By Dan Haley
By Monday afternoon, five families at Beye School had requested transfers to one of two other public schools in the village. This, of course, was the result of standardized test scores from last spring which indicated that one subgroup (unfortunate term) of Beye kids, had failed to hit this year's target under the federal No Child Left Behind law.
Not a surprise that the underperforming group of kids were the school's African-American students. Obviously there is an academic achievement gap and that many, though by no means all of the students on the short end of that measure are black.

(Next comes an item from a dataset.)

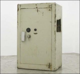 — Maurizio Cattelan, -74.400.000, 1996. Coffre-fort fracturé. 140 x 70 x 90 cm. Collection particulière
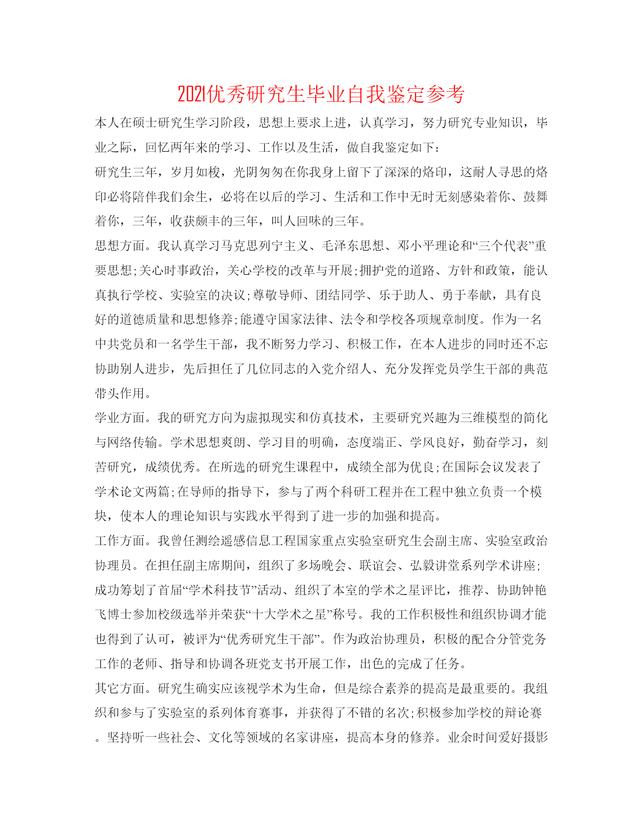 2021优秀研究生毕业自我鉴定参考本人在硕士研究生学习阶段,思想上要求上进,认真学习,努力研究专业知识,毕业之际,回忆两年来的学习、工作以及生活,做自我鉴定如下:研究生三年,岁月如梭,光阴匆匆在你我身上留下了深深的烙印,这耐人寻思的烙印必将陪伴我们余生,必将在以后的学习、生活和工作中无时无刻感染着你、鼓舞着你,三年,收获颇丰的三年,叫人回味的三年。思想方面。我认真学习马克思列宁主义、毛泽东思想、邓小平理论和“三个代表”重要思想;关心时事政治,关心学校的改革与开展;拥护党的道路、方针和政策,能认真执行学校、

Perhaps a surprise is that the target they missed was an 85 percent marker to meet or exceed standards in reading and math. This would be the train-wreck conceit of George W. Bush's signature legislative accomplishment: Every year the percentage marker on achievement goes up. We are now reaching the delusional level. Eighty-five percent of African-American students, low-income students, and special ed students now have to hit the perpetually inflating mark or your school is labeled as failing.
Absurd. Impossible. And an approach that badly undermines the essential impulse of NCLB — that as a nation we had to layer genuine accountability onto public education and that the measurement system had to count every kid, whatever challenges they brought with them to school.
That much Bush got right. But ratcheting the targets up so high, so fast is destined to make failures of nearly every public school, no matter how much progress they log.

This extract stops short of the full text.